# NEED YOUR ADVICE on purchasing smoker or dehydrator for jerky/meat stick making



## bugsydog (Dec 26, 2011)

I want to purchase an electric smoker or stainless steel dehydrator to make jerky/meat sticks, but just not sure which one to buy. I've read alot of posts on here and still not sure which direction to go in. I own a Cookshack Amerique smoker which is an excellent piece of equipment, but very difficult to make jerky and meat stcks in. I've seen numerous threads with pictures of the amazing jerky and meat stick all of you have made and would love to be able to produce the same quality if possible. I would appreciate any input from all of you on what manufacture you use and pictures if possible. I would like a produce pounds at a time if possible without paying  thousands for a unit. Of if theres a decent unit out there that works great for cooking jerky and sausage that would even ne better, but baby steps first i quess. Thanks again for the help.


----------



## boykjo (Dec 26, 2011)

Sounds like a MES ( masterbuilt electric smoker) or a bradley might be right up your ally.......

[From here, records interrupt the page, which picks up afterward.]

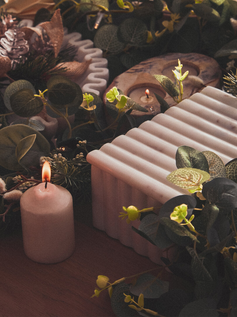 This rectangular fluted box with lid combines elegant texture and practical storage to complement modern decor settings.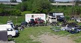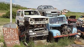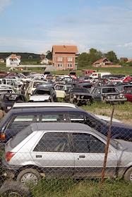 Виды города Митровицы в Косово. Автомобили припаркованные у автосервиса.
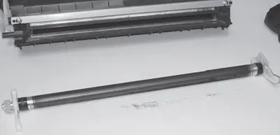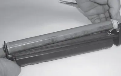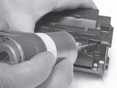 23. Очищают оболочку магнитного вала от тонера пылесосом и протирают безворсовой салфеткой. В случае обнаружения налипшего тонера для его удаления возможно использовать ацетон.
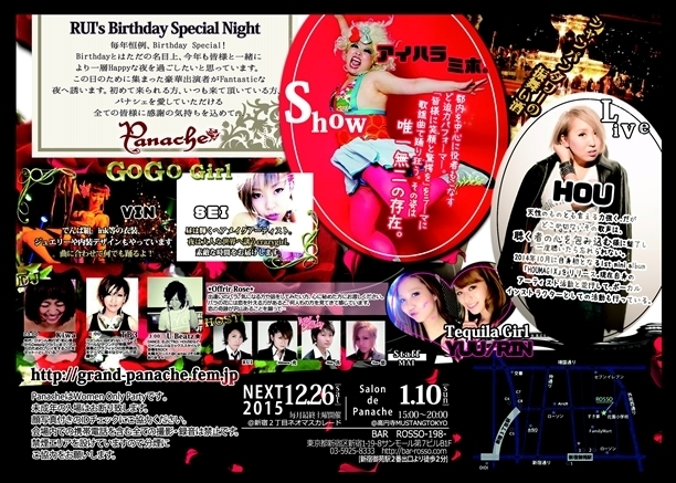 ¢¨³«ºÅ¾ì½ê¤¬º£²ó¤Î¤ßÊѹ¹¤Ë¤Ê¤ê¤Þ¤·¤¿¡£ ½é»²²Ã¤ÎÊý¤È¤ª1¿Í»²²Ã¤ÎÊý¤â°Â¿´¡£¥¹¥¿¥Ã¥Õ¤¬½Ð²ñ¤¤¤Î¤ª¼êÅÁ¤¤¤ò¤·¤Þ¤¹¡ª ¥é¥¦¥ó¥¸¥¿¥¤¥à¤Ï¤æ¤Ã¤¿¤ê¤ªÏ䬤Ǥ¡¢¥¯¥é¥Ö¥¿¥¤¥à¤Ï¤ß¤ó¤Ê¤ÇÄ«¤Þ¤ÇÍÙ¤êÌÀ¤«¤½¤¦♫¤É¤Ê¤¿¤Ç¤â¥¹¥Æ¡¼¥¸¤ÇÍÙ¤ì¤Þ¤¹¡£ ¿·½É2ÃúÌÜÉÕ¶á¤Î³«ºÅ¤Ç¶á¤¯¤ÎBar¤â³Ú¤·¤á¤Þ¤¹¡ú 11/28(ÅÚ)Panache RUI's Birthday Special Night ¡÷¿·½É¸æ±ñ¥í¥Ã¥½ OPEN21:00 Ëèǯ¹±Îã¡¢Birthday Special¡ª º£Ç¯¤â³§ÍͤȰì½ï¤Ë¡¢¤è¤ê°ìÁØHappy¤ÊÌë¤ò²á¤´¤·¤¿¤¤¤È»×¤Ã¤Æ¤¤¤Þ¤¹¡£ ¤³¤ÎÆü¤Î¤¿¤á¤Ë½¸¤Þ¤Ã¤¿¹ë²Ú½Ð±é¼Ô¤¬Fantastic¤ÊÌë¤Ø³§ÍͤòͶ¤¤¤Þ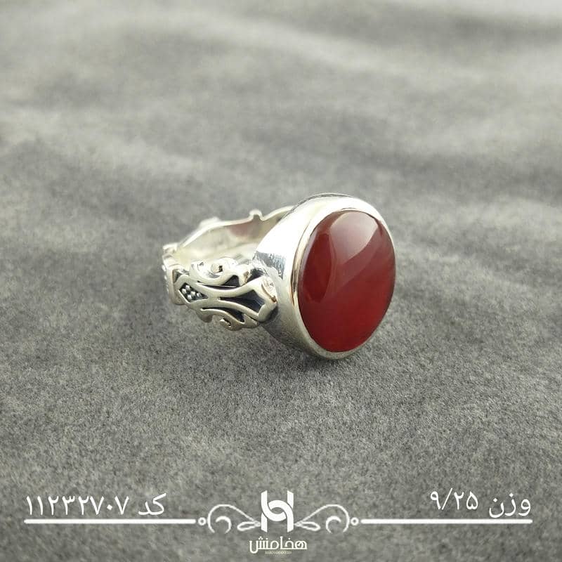 انگشتر نقره مردانه عقیق سرخ با سنگ طبیعی اصل و نقره عیار استاندارد 925 تولید شرکت هخامنش میباشد.
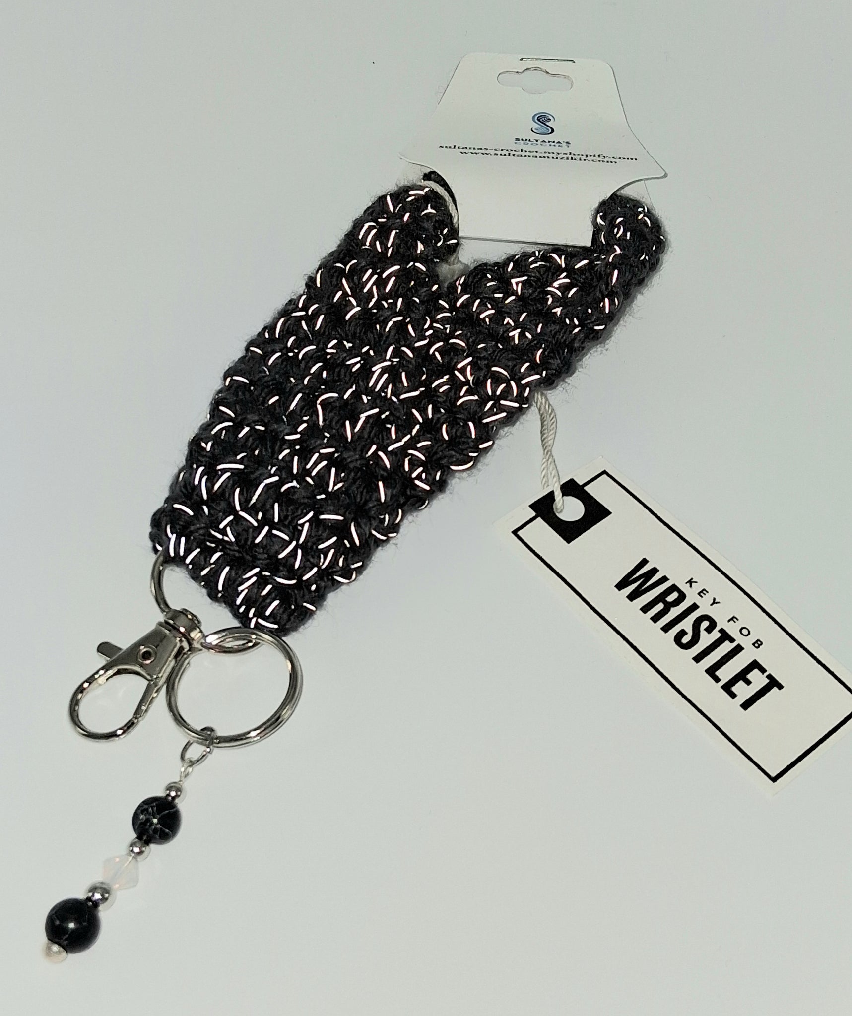 This handmade black, glow in the dark, key fob wristlet is the perfect accessory to add to your purse, tote bag, lap top bag or backpack. It’s crocheted with polyester yarn, has decorative glass beads and a stainless-steel key ring and lobster clasp so you can easily attach it to your bag.

..http://www.samsclub.com/sams/shop/product.jsp?productId=prod1180971&navAction=


Good luck and happy smoking

Joe


----------



## graystratcat (Dec 26, 2011)

[h4]Hey BugsyDog, welcome to the forum!  Have a question for ya.  Are you dead set on another electric for jerky/sticks?  You already have a great electric unit with the Cookshack and I've made (at least what my friends consider) some really good jerky in non-electrics.  The only reason I bring this up is since you already have an electric, maybe going LP, charcoal or pure stick burner might give you a lot more versatility - not only to make jerky but butts, ribs, brisket, ABTs, sausage... well, I think you get my drift. [/h4][h4] [/h4][h4]Just my very humble $0.02[/h4][h4] [/h4][h4]-Salt[/h4]


----------



## bugsydog (Dec 26, 2011)

HI GreyStratCat, I'm just thinking is would be easier to have an electric to regulate the temp and smoke. I have a largec harcoal bbq with smoker drop box, but living here in las vegas its very very difficult to regulate temps during the summer months with it. I've never thought of using LP, even though a have a gas grill, As you can tell i have love to cook on everything and can never have to many toys smokers.


----------



## graystratcat (Dec 26, 2011)

Well Bugsydog, the reason I bring it up is I just picked up a Master Forge LP smoker about a month ago.  I have a handful of other smokers (charcoal and stick) but this was/is my first gasser.  I've been messing around with smokers, grills and stuff for years.....What I'm finding with the Master Forge is it's pretty much set and forget.  It can hold decent low temps (110 - 150) with no problem and taking it up to 220-250 isn't a problem either.  I have a batch of beef jerky in mine as I type this and I've had no trouble today holding it at 140... ambient here is around 60 right now.  So far I am really liking the thing.  There are a couple mods that should be done to it to get the most out of it, but they're simple mods.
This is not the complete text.